Small children and children at heart (I include myself in this category!) are often attracted to flowers and plants that could hardly be said to be classically beautiful. These plants are often truly bizarre and it is this very thing that can be appealing.
A lot is made of engaging kids with vegetable growing and it is certainly satisfying to eat something that one has grown but all of our senses should be engaged in the garden, and strange plants can really get the grey matter ticking over. Just be prepared for yet more “why” questions from the youngsters!
It could be a spiny cactus or a deformed looking succulent that appeals, perhaps an insectivorous plant with its meat eating habits. It might be something with contorted stems or leaves that tickles their fancy or even something with weird shaped flowers that goes by a name like ‘bat plant’ or ‘cobra lily’ that could have us all thinking of exotic places and pretending that we were Indiana Jones!
So no matter whether you are a child of eight or eighty these plant oddities can make you smile, have those that don’t understand the appeal scratching their collective heads and wondering if you are completely sane, and give you hours of harmless fun as you learn about them and research why they are like they are. In fact it is all the trivia and history behind some of these plants that really gets me going. I’m sure that if a child is told that someone fell to their death whilst collecting it in the wild or that it was once used to poison Roman senators or used in witches brews, there will be no holding them back.

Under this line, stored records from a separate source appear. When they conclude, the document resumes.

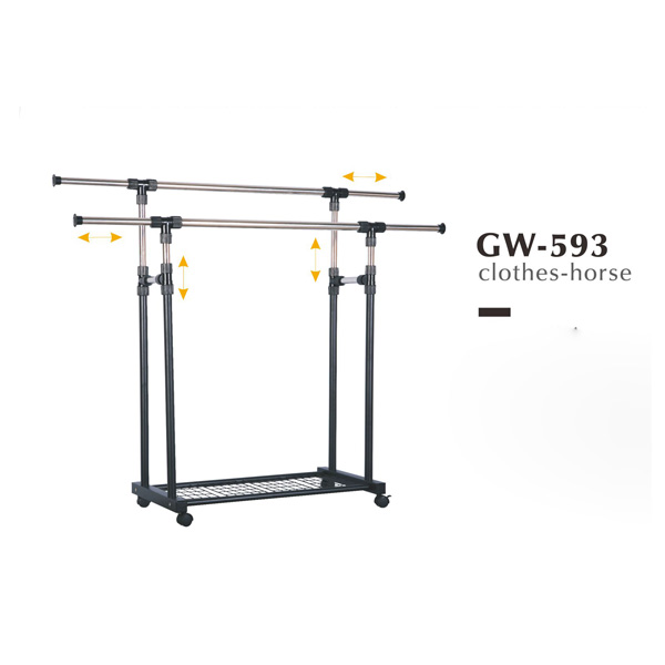 這款產品相對于老款的GW593而言,功能上亦有所突破。除了完全保留老款產品的功能以外,還在兩端額外增加了兩個可折疊的曬晾架。大家可別忽視了這個小小曬晾架的作用哦,因為它是以多管組合的方式形成的,當它展開時,以每個單桿曬晾2雙襪子或一張毛巾計算,這兩個小小的曬晾架就可以晾曬16雙左右的襪子或8張條毛巾左右哦,同時也可以放置一些重量相當的鞋帽物品。重要的是當你不使用時還可以完全收起,完全不會增加使用空間。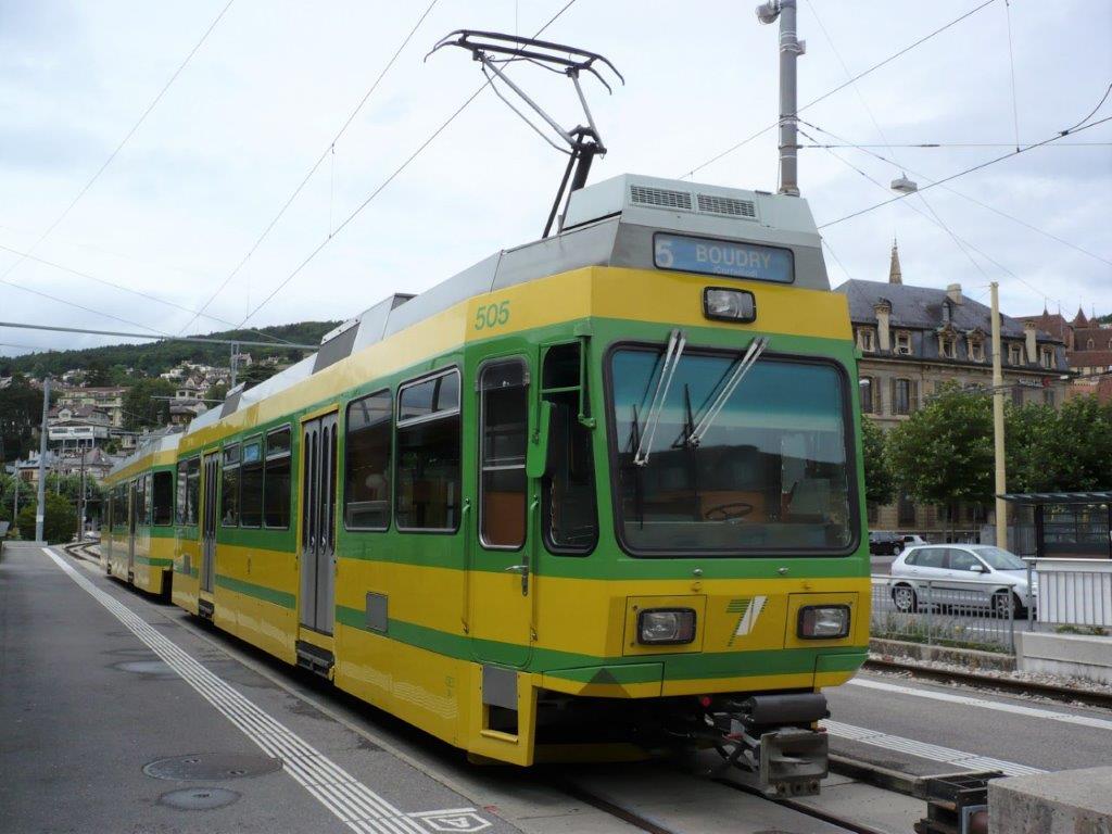 La composition motrice 505 Be 4/4 (année 1988, constructeur SWS/BBC) et voiture-pilote 551 Bt (année 1981, constructeurs SWS/BBC) est photographiée au terminus « Place Pury Littorail » à Neuchâtel, le lundi 20 août 2007. Copyright : Edouard Paris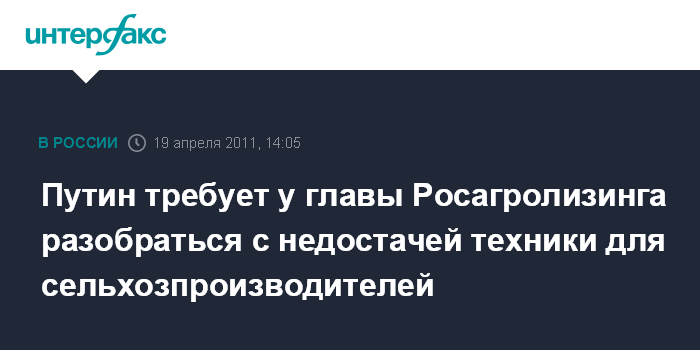 Ново-Огарево. 19 апреля. INTERFAX.RU - Премьер-министр РФ Владимир Путин потребовал разобраться, куда пропала часть техники, предназначенной сельхозпроизводителям в лизинг с 50-процентной скидкой.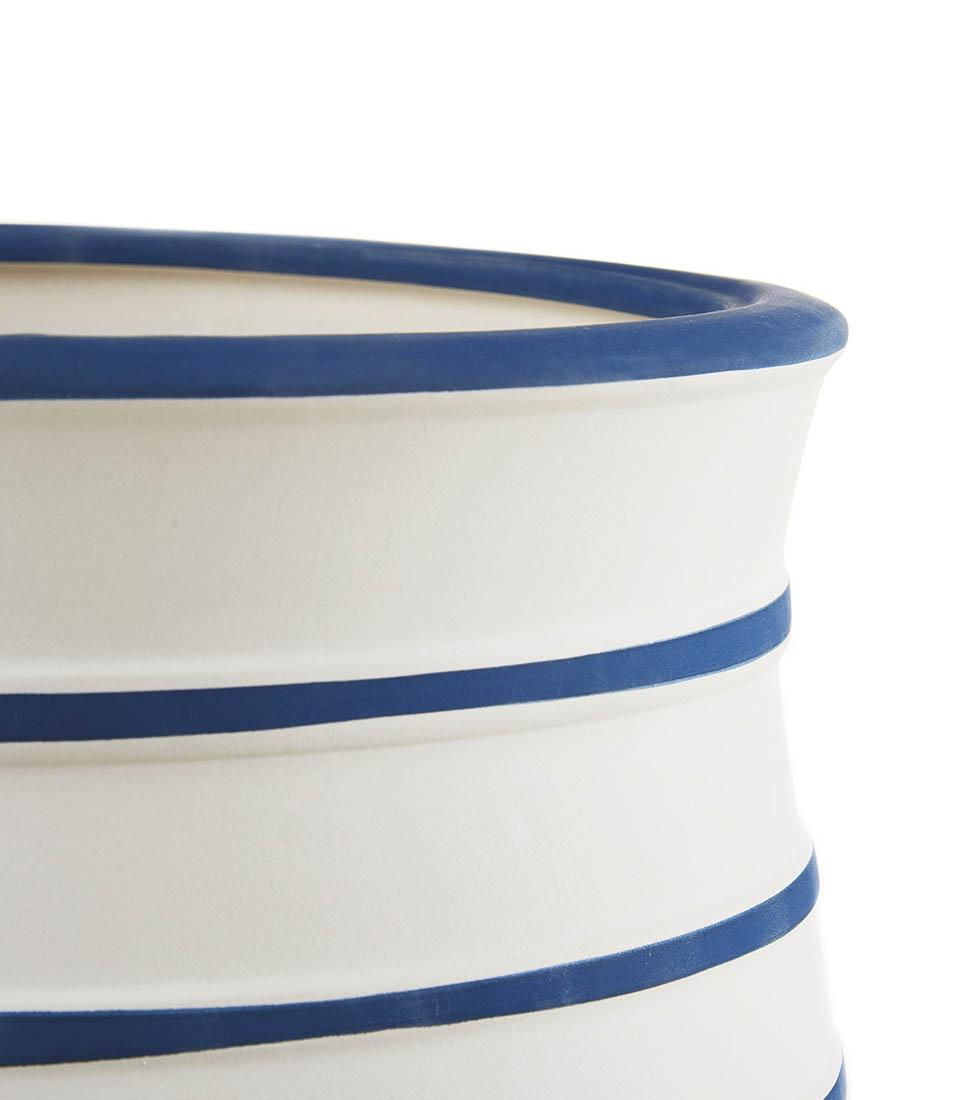 Suport din ceramică albă și albastră cu picioare din lemn. O piesă de mobilier care să vă revigoreze interiorul cu un decor vegetal rafinat. Perfect pentru a se combina cu versiunea înaltă a lumii noastre mediteraneene pentru a crea o atmosferă dinamică și modernă.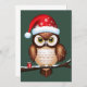 Ce design charmant présente une illustration détaillée d’une chouette brune et blanche perchée sur une branche. La chouette porte un bonnet de Noël rouge parsemé de flocons de neige blancs, ajoutant à l’esprit festif. Ses grands yeux captivants attirent l’attention, tandis qu’un petit cadeau rouge avec un ruban blanc repose subtilement à la base de la branche, suggérant la nature généreuse de la saison des fêtes. Ce design capture la chaleur et la joie de Noël à travers la représentation de cet oiseau emblématique de l’hiver dans un cadre cosy et célébratoire.

They may even become so hooked on a particular genus or group that they start to specialise which can be when the fun really starts to ramp up, tracking down that new variety and soaking up the knowledge that a longer term collector can offer, and who is to say that you haven’t started someone on the path to becoming a world authority.
So here are just a few plants that will illustrate my point and hopefully encourage you all to grow some less obvious but fun plants that can jolly up a garden, stimulate inquiring minds and be a source of endless fun.
Arisarum proboscoideum Mouse Lily
This amazing little plant tends to hide its main feature (its flowers) under its leaves and that is part of the fun! The flowers look for all the world like the rear end of a mouse, tail and all, hiding under the shiny arrowhead shaped leaves in early spring.
The look on the face of the uninitiated when the secret is revealed by parting the leaves is a joy especially if you just say would you like to see my mice!
The plant leaves and all grow to about 15cm tall and will make quite good drifts in time, in almost any spot where it gets winter-spring rain. It doesn’t seem to matter if it stays moist in summer, or dries out as it dies down with the first warm weather in late spring, only to erupt again in late winter. In areas where the preferred conditions aren’t present it can even be grown quite happily in a pot as long as you don’t throw it out when it is dormant!
The only other species in the Genus that is likely to be seen in Australia that is almost as much fun is Arisarum vulgare which is commonly called the Monks Cowl and it has white spotted leaves and strange brownish flowers.
Asarum maximum Wild Ginger
This plant is one of many in a genus that is collectively known as wild ginger. Which isn’t related to the ginger lilies or in fact true ginger but all parts of the plants smell very like ginger if crushed which I must point out isn’t good for the plant if done too often!
It is has attractive kidney shaped leaves that are worth growing for even if it did nothing else but when you move aside its leaves and see its black and white flowers it is sure to send a shiver up your spine!
The different species in this genus all have entertaining but different flowers. Asarum canadense has flowers that look like a bronze starfish, and Asarum caudatum ‘Album’ is a green starfish with extra long arms. Asarum splendens has flowers that I find hard to describe but are a little like the main topic of this article but in shades of grey and bronze with scalloped petals, a truly scary flower!
Asarums are woodland plants from Europe, Asia and North America and seem to like cool woodland conditions to grow well, but many will also grow well in pots where the climate isn’t perfect and this means that the flowers can be closer to eye level as well.
Albuca spiralis
Southern Africa has a lot of unrelated bulbous plants that have developed foliage that curls like a cork screw and it is believed to have arisen to help the leaves cope with excessive heat, as only a small surface area is facing the sun at any one time.
From a gardener’s point of view its funny spiralled leaves are a most entertaining feature that all children will be intrigued by. Its little green bell flowers produced in spring may not be showy but somehow seem part of the subtle charm of this hardy spring flowering plant.
It likes, as do many bulbs from this part of the world, a winter rainfall and summer dry environment so yet again a pot could be the way to go if your natural conditions don’t suit.
I find that it lightly self seeds in my sunny rock garden, making attractive small drifts that have me smiling every spring.
I am holding out for black bat flower, Stephen. A friend is waiting til her pups have matured to break one off for me. Love weird plants. Great post.
I’ve seen it in the wild but thats about all I can do seeing as it won’t grow in cold old Macedon.